***** Provided data
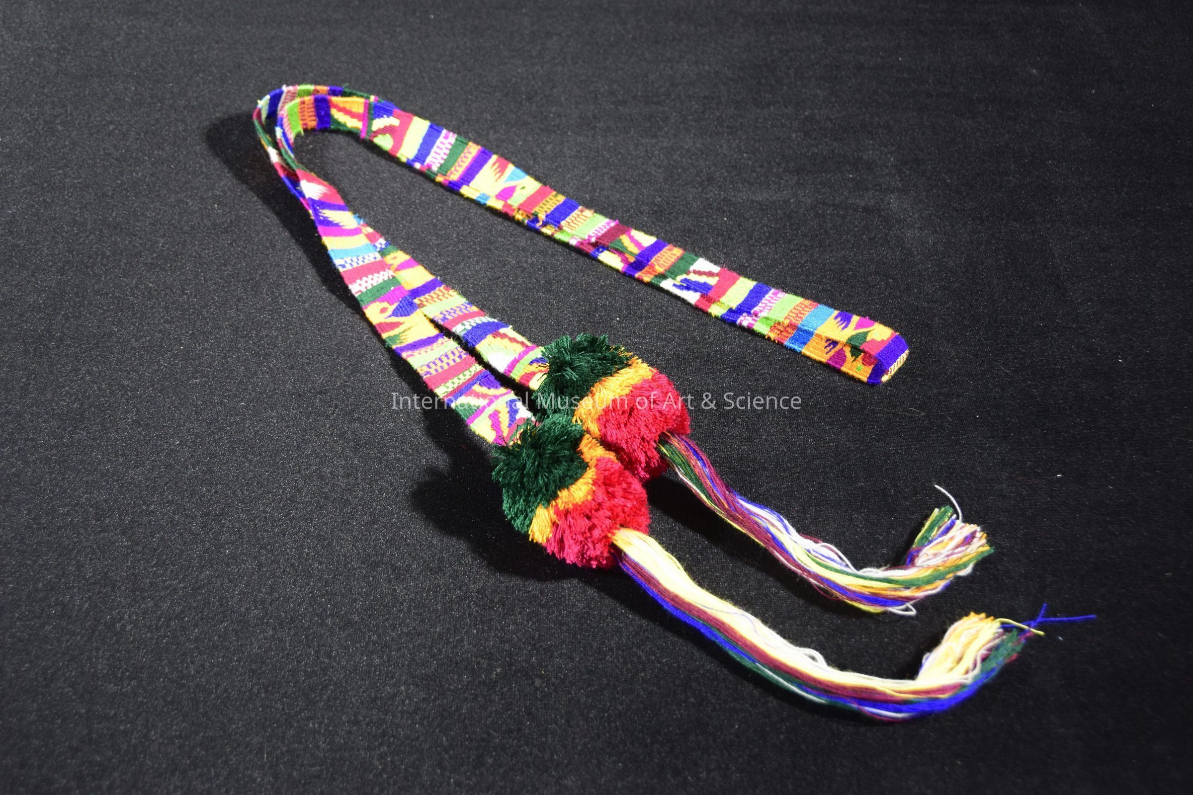 Cinta (hair ribbon). Small multi-colored bands in a variety of geometric patterns; Large green/red/orange poms w/ strings below.Dimensions
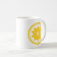 Solar Plexus Chakra Coffee Mugg. Vitt kaffe mugg med en gult solcellplexus chakra-meditation ny ålderssymboldesign för yoga. Matchning av andra chakra-utformningar finns. Chakra design av ©Maggie B. Design.
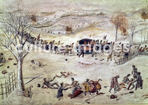 Napoleon I., Kaiser der Franzosen, 1769 - 1821. Rückzug der Franzosen nach ihrem Einmarsch in Moskau - NAPOLEON I EMPERADOR DE FRANCES . 1769 - 1821 RETIRADA DEL EJERCITO FRANCES DESPUES DE SU ENTRADA EN MOSCU HOSTIGADOS POR LOS COSACOS LOS SOLDADOS FRANCESES MURIERON A MILES
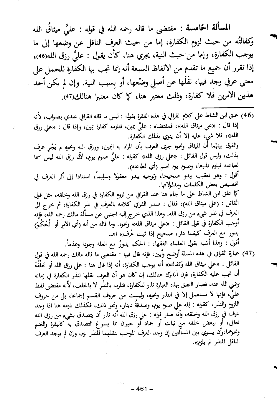 (٤٧) عبارة القرافي في هذه المسلة أوضح وأبين، فإنه قال فيها: مقتضى ما قاله مالك رحمه الله في قول القائل: "علي ميثاق الله وكفالته" أنه يوجب الكفارة، أنه إذا قال هنا: علي رزق الله أو خَلْقُهُ أن تجب عليه الكفارة، فإن المدرَك هنالك، إن كان هو أن العرف نقلها لنذر الكفارة في زمانه رضي الله عنه، فصار النطق بهذه العبارة نذرا للكفارة، فتلزمه بالنذْرِ لا بالحلف، لأنه مقتضى لفظ عليِّ، فإنها لا تستعمل إلا في النذر ونحوه، وليست من حروف القسم إجماعا، بل من حروف اللزوم والنذر، كقوله: لِله علي صوم يوم، وصدقةُ دينار، ونحو ذلك، فكذلك يلزمه هنا إذا وجد عرف في رزق الله وخلقه، وأنه صار قوله: على رزق الله أنه نذر أن يتصدق بشيء من رزق الله تعالى، أو ببعض خلقه من نبات أو جماد او حيوان مما يسوغ التصدق به كالبقرة والغنم ونحوهما، وأن يسوي بين المسألتين إن وجد العرف الموجب لنقلهما للنذر لزم، وإن لم يوجد العرف الناقل للنذر لم يلزم".
**********
- [Task brief] Print every line above once more, exactly. Omit the pictures.

- [Task result]
 Cinta (hair ribbon). Small multi-colored bands in a variety of geometric patterns; Large green/red/orange poms w/ strings below.Dimensions
 Solar Plexus Chakra Coffee Mugg. Vitt kaffe mugg med en gult solcellplexus chakra-meditation ny ålderssymboldesign för yoga. Matchning av andra chakra-utformningar finns. Chakra design av ©Maggie B. Design.
 Napoleon I., Kaiser der Franzosen, 1769 - 1821. Rückzug der Franzosen nach ihrem Einmarsch in Moskau - NAPOLEON I EMPERADOR DE FRANCES . 1769 - 1821 RETIRADA DEL EJERCITO FRANCES DESPUES DE SU ENTRADA EN MOSCU HOSTIGADOS POR LOS COSACOS LOS SOLDADOS FRANCESES MURIERON A MILES
 (٤٧) عبارة القرافي في هذه المسلة أوضح وأبين، فإنه قال فيها: مقتضى ما قاله مالك رحمه الله في قول القائل: "علي ميثاق الله وكفالته" أنه يوجب الكفارة، أنه إذا قال هنا: علي رزق الله أو خَلْقُهُ أن تجب عليه الكفارة، فإن المدرَك هنالك، إن كان هو أن العرف نقلها لنذر الكفارة في زمانه رضي الله عنه، فصار النطق بهذه العبارة نذرا للكفارة، فتلزمه بالنذْرِ لا بالحلف، لأنه مقتضى لفظ عليِّ، فإنها لا تستعمل إلا في النذر ونحوه، وليست من حروف القسم إجماعا، بل من حروف اللزوم والنذر، كقوله: لِله علي صوم يوم، وصدقةُ دينار، ونحو ذلك، فكذلك يلزمه هنا إذا وجد عرف في رزق الله وخلقه، وأنه صار قوله: على رزق الله أنه نذر أن يتصدق بشيء من رزق الله تعالى، أو ببعض خلقه من نبات أو جماد او حيوان مما يسوغ التصدق به كالبقرة والغنم ونحوهما، وأن يسوي بين المسألتين إن وجد العرف الموجب لنقلهما للنذر لزم، وإن لم يوجد العرف الناقل للنذر لم يلزم".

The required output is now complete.